We live such protected lives these days. We congregate in mosquito-sprayed, manicured, clipped and carefully planted homes, placing only the greenery that attracts butterflies and hummingbirds, feeding the colorful birds, encouraging them to visit. If we spot anything pestiferous, be it creeping, crawling, infesting a plant, or biting a human, we run for another bottle of this or that and erase it from our lives.

But perhaps we miss out on something.....I'm not sure what. I don't know the reasons for that Pandora's box of tiny perplexities that sting, bite, draw blood, and make strolls through a woods a sheer misery. But there must be something there. We all know the attributes of honey bees, but what on earth is the reason for a mosquito, other than to provide a little food for the birds, who could be eating something less voracious?

But bugs have had some purpose in my life. They have provided me with memories, some not so pleasant, like a kerosene rinse after a hearty shampoo.
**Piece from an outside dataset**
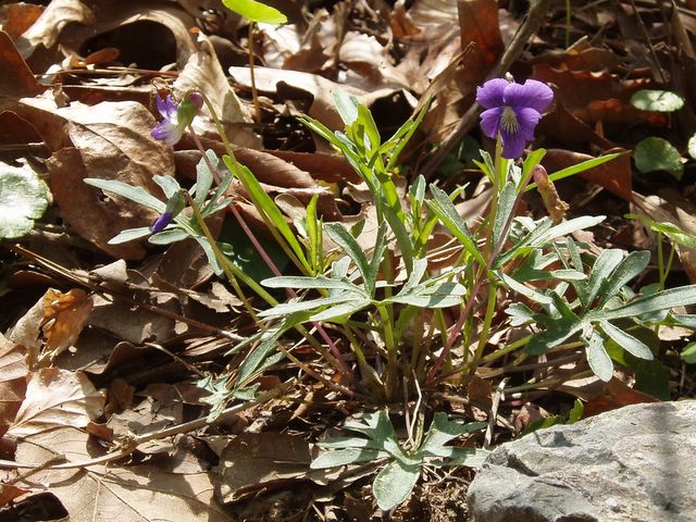 Early Blue Violet (Viola palmata) has 2 leaf shapes
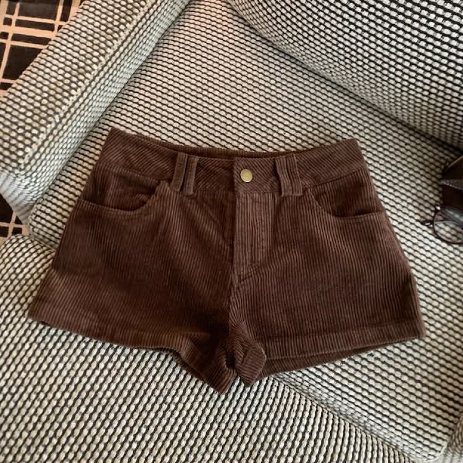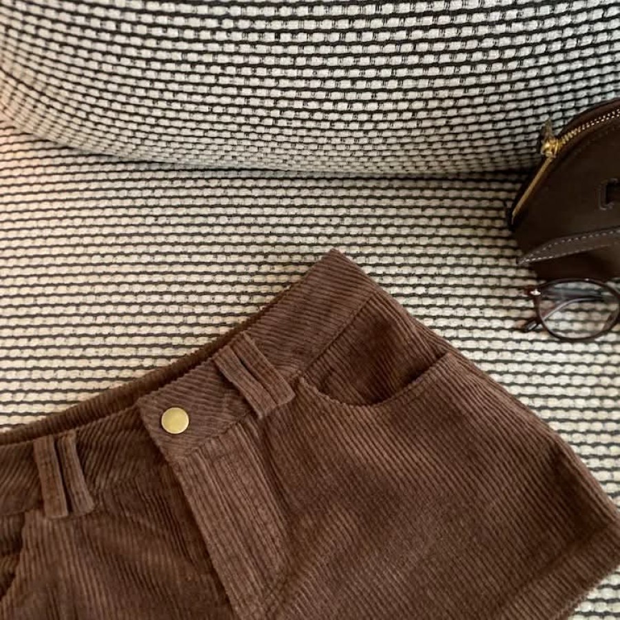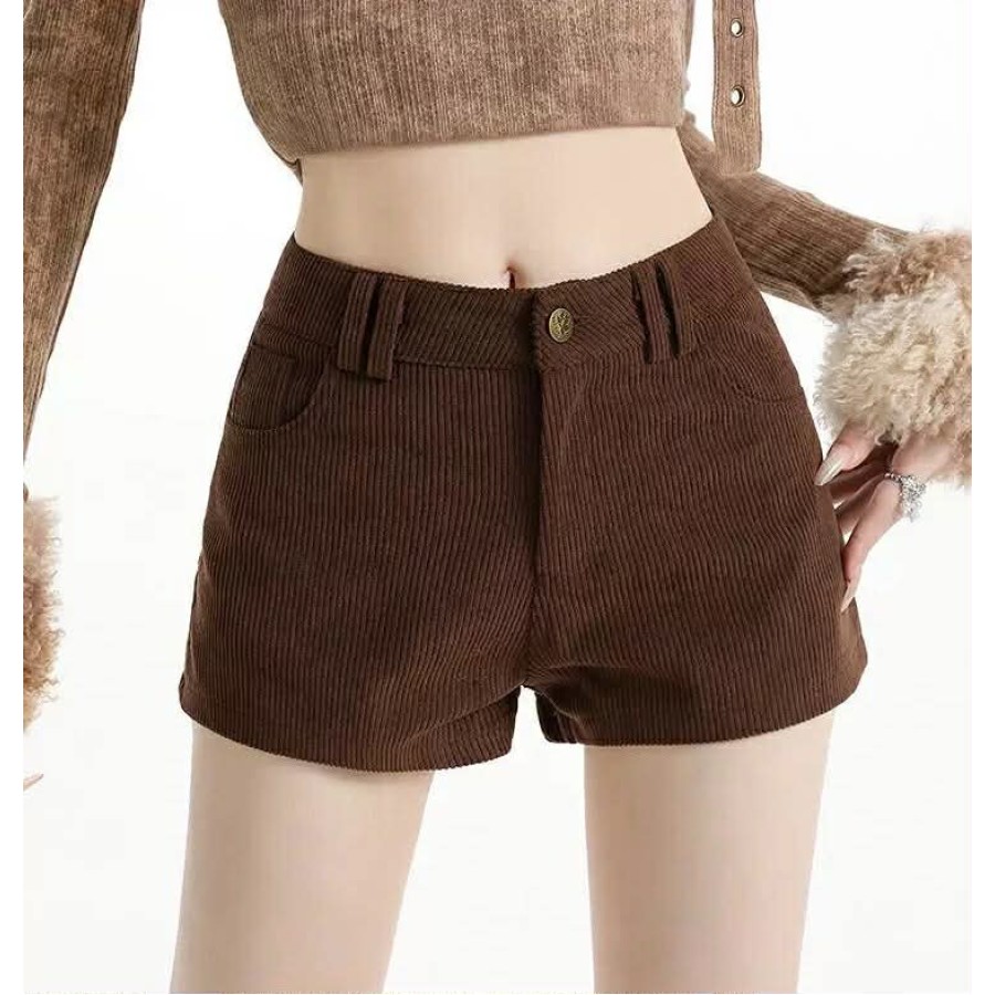 深褐色薄款灯芯绒低腰短裤

I can still chuckle about the thought of that Dishcloth Brigade, flapping cloths on a march through the house.

Like the pieces of cotton Mom used to place in the holes of the screen door to frighten the porch flies from entering the house, memories flap about in the winds of yesterday, some gentle breezes, some high, howling gales.

My gentle memories come to a screeching halt when, at the age of 14, Pop turned to me as we sat in the living room around the woodstove, and said, "There's a dead man in the cornfield!"

That is when the gentle breezes stopped, and the howling gales began.